We have taken to measuring our children’s success repeatedly
and then using that data to assess how we are teaching, who is teaching, where
funding should go and other important aspects of our education system. This sounds, on paper, like a great idea –
get the data and then respond to reality. So how could this go wrong?
Well, first, there is the experience of being tested to
contend with. Each test gives us
information about how students are doing – but the test is another educational
experience, as well. And that experience
affects our children. What does it feel
like, at the age of 5, to be just starting school and begin with a test? And, since it is a baseline test, you are
expected to fail it. And you do.
And you’re five. One kindergarten teacher described her students’ response: “They don’t know how to hold
pencils. They don’t know letters, and
you have answers that say A, B, C, or D and you’re asking them to bubble in. .
. . They break down; they cry.” Research shows that these tests can decrease
students’ love of learning (Jones et al., 80).
They may score well on a test, but also learn to dislike school. And the level of anxiety high-stakes testing
produces can make many students physically ill, with incidents of stomach aches
and headaches skyrocketing on test days (Jones et al., 95). Testing and the anxiety that accompanies it often
leads to lower scores (Cassady and Johnson 273), which then increases test
anxiety for the next test, creating a destructive cycle.
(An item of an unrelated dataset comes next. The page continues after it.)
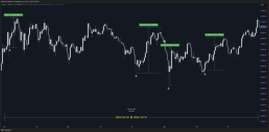 我們發現當滿足特定條件時,BTC 通常會有明顯且持續的上漲趨勢,將有助於交易者和投資人做出更精準的判斷。

Ironically, our measurements of how well our
students are learning may show less achievement than they would be capable of
without these measurements.
Second, there are limitations to what we can measure on a
standardized test. A multiple choice
instrument is not conducive to measuring creativity and imagination. You cannot see how a student arrived at an answer.
But, since more qualitative measures are difficult to score, we opt for
bubbling in A, B, C and D. These
multiple choice questions are best suited to lower level thinking skills like
memorization and description. Higher
level thinking like analysis and evaluation are difficult to test by choosing
one of four offered answers. Even memory
is not well tested by multiple choice, because the answer is written out for
the student and all she has to do is find it in the list – rather than recall
it herself. And don’t forget that a student
may have guessed the correct answer.
Standardized tests do not give us a window into the thought-processes of
students. As teachers, our goal is to
meet students where they are struggling and help them figure out the material,
but a score on a standardized test does not give us the information we need to
do so.
So what are children achieving when they score well on a
standardized test? They have prepped
well, their teacher has drilled them on the facts they need to know to pass the
test, and they have good memories. This
does not tell me if the student has new, creative ideas or if he is engaged by
reading The Giver or if he
understands the causes of the Civil War.
Albert Einstein once complained that coercive testing so turned him off
to learning that he gave up on science for a year. Are we losing some young Einsteins because of
our current emphasis on high stakes testing?
Bibliography
Cassady, Jerrell C. and Ronald E. Johnson. "Cognitive Test Anxiety and Academic Performance." Contemporary Educational Psychology. (2002) 27:270-295.
Jones, M. Gail, Brett D. Jones, and Tracy Y. Hargrove. The Unintended Consequences of High-Stakes Testing. Lanham, MD: Rowman and Littlefield, 2003.
Monahan, Rachel. "Kindergarten gets touch as kids are forced to bubble in multiple choice tests." New York Daily News. 10 Oct 2013.
"Multiple Choice Tests." FairTest. fairtest.org. 17 Aug 2007.